Henrick stood in the dark quiet of the night, silently watching the boy sleep as the house creaked in the night wind around them, the dim light of a candle flickering around the small room.
They’d take Kristoff to the church tomorrow and get the priest's blessing, they’d pay the doctor to come around again and get him to give them a straight answer about what was wrong with their boy and how to fix it. Henrick would buy Kristoff a new reindeer, he’d let him stay inside with his mother as much as he wanted, he’d do anything he had to to get his son back to the way things had been.
He felt a chill run down his spine as a sharp draft whipped through the room, snuffing out the candle at the bedside and dropping the room into darkness.
Henrick looked over his shoulder, despite knowing no one was there, unable to shake a sudden creeping feeling that had come over him. Where had a draft that strong come from?
He crossed the room, his eyes slowly adjusting in the darkness as he pulled a match from his pocket, striking it and relighting the bedside candle. He picked up the empty ceramic water pitcher as he turned to leave the room for the night, unable to keep from glancing one more time at Kristoff’s bed.

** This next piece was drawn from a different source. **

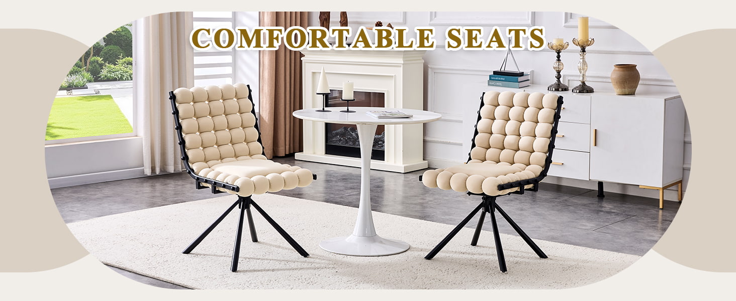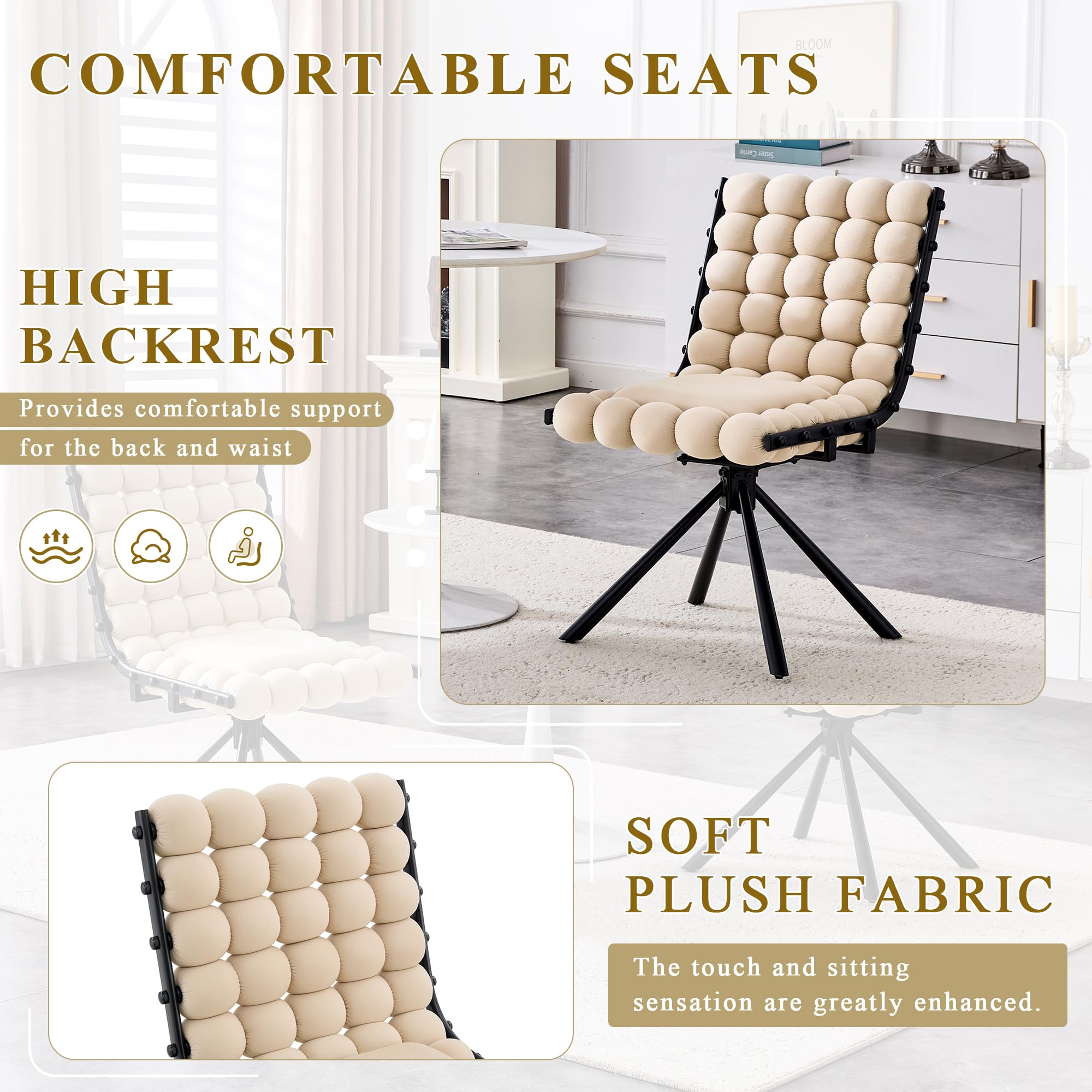 Kursi Makan Putar Beludru dengan Sandaran Bantalan Gelembung, Kursi Aksen Berlapis dengan Kaki Logam (Tanpa Roda)
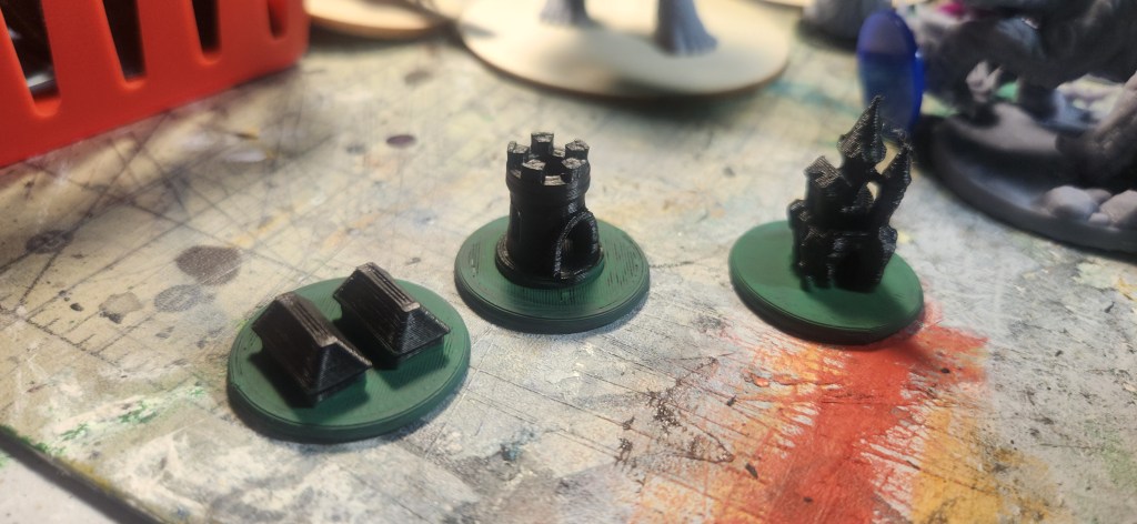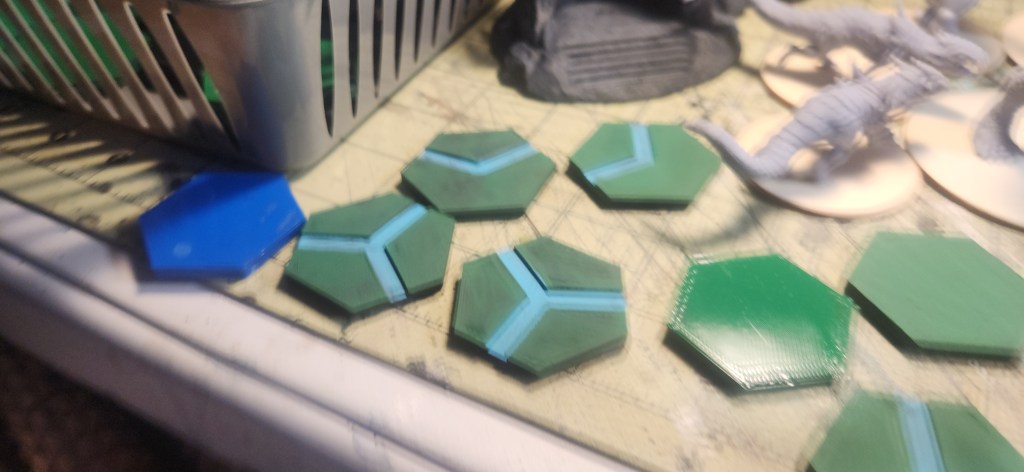 I also continued working on the hex tile set. I got a few more tiles printed, and I even created some for rivers using the blank STL and Tinkercad.

For years afterward the neighbors would tell in hushed whispers about being woken by Henrick and Ida’s screams in the middle of the night, of rushing to their aid with crossbows and axes, expecting to find that a wolf or a bear had broken into their son’s bedroom.
But instead finding them both standing amid the shards of a smashed water pitcher, the wife having fainted dead away at the sight of an old crumbling log rotting in their son’s bed.